In other news, my bike is at the powdercoaters, being colored a brilliantly chipper metallic green, like sunshone grass or ferocious leaves on young trees. I’m excited. It’s a deep, two coat process of first a metallic green and then a clear… so it should look sufficiently ‘wet’ and deep to replicate the look of a nice paint job all while being harder, thicker, and more resilient than paint. It is costing a considerable amount and I can’t really afford it, so I feel bad about it… but not bad enough to quit loving and being excited for it.

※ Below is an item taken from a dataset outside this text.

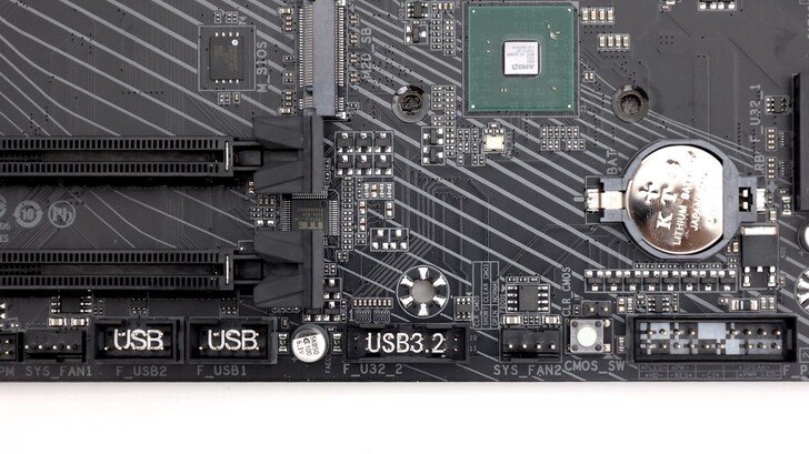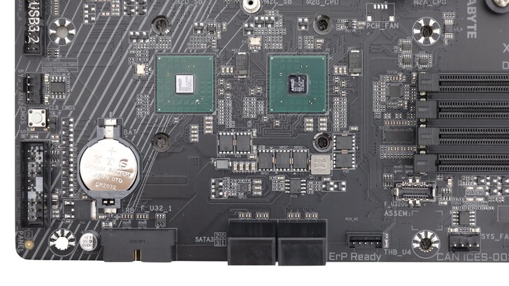 兩顆 Chipset 都設計在記憶體下方,彼此的距離也很近,是目前看到距離算比較近的安排。在同一片金屬散熱片下方,因此 GIGABYTE 這張板子的 PCH 散熱片相較以往也比較大。

This green is the kind of green you see in the eyes of a girl who puts emeralds to shame with her gaze. It’s a bright, lively green that eminates from the freshest and most lush of nature’s bounties. It’s sexy in the way fingertips tracing lines across flesh are sexy. It beckons. I have always loved green, in a strange, mysterious way. Darker than mint but more brilliant and jazzy than grass. It’s called sparkling apple green. It’s a warm green. Very yellow, similar to a snake but deeper. I am so excited.

Because I’m broke I’ll have to simply clean my parts and rebuild it with my existing black components. The current groupo splashes with gold cranks and white rims, while the black post stem saddle and wheel hardware plays a shadow act to the silver pedals and bars. I may enrelish the steed with some doublestraps for the pedals, and rewrap the bars with some black or brown tape I have lying around… but the real lovely changes I want to make will have to wait. For the sake of  cohesion, I have the option of switching to black bars and pedals(well, mostly black pedals anyways) with a gold brake… but part of what I love about my kilo is that it looks so sexy as a subtle, new-techy track bike.

I do want to reequip the frame with a slew of new parts. If I had the money I would give it a full boutique offering.

Namely, a King or campy headset, silver Thomson components, Phil hubs, an Arione saddle, and some nicer rims, likely mavics. All of that is far too expensive though for now. I can’t help but think the bike would really pop with all silver components including polished rims and bars, accompanied by white phil hubs, white grips, and a white saddle. I’m kind of done with the black bike parts thing.

Speaking of bikes, here’s photos from a trip to Alki today. I had a great time with these three chaps.

I’ll leave you with a quote that just oozes attitude. It’s something I find myself echoing at least in spirit often lately…

“Yeah, that sounds like a whole thing. I’m not into it.” – Dennis, Always Sunny.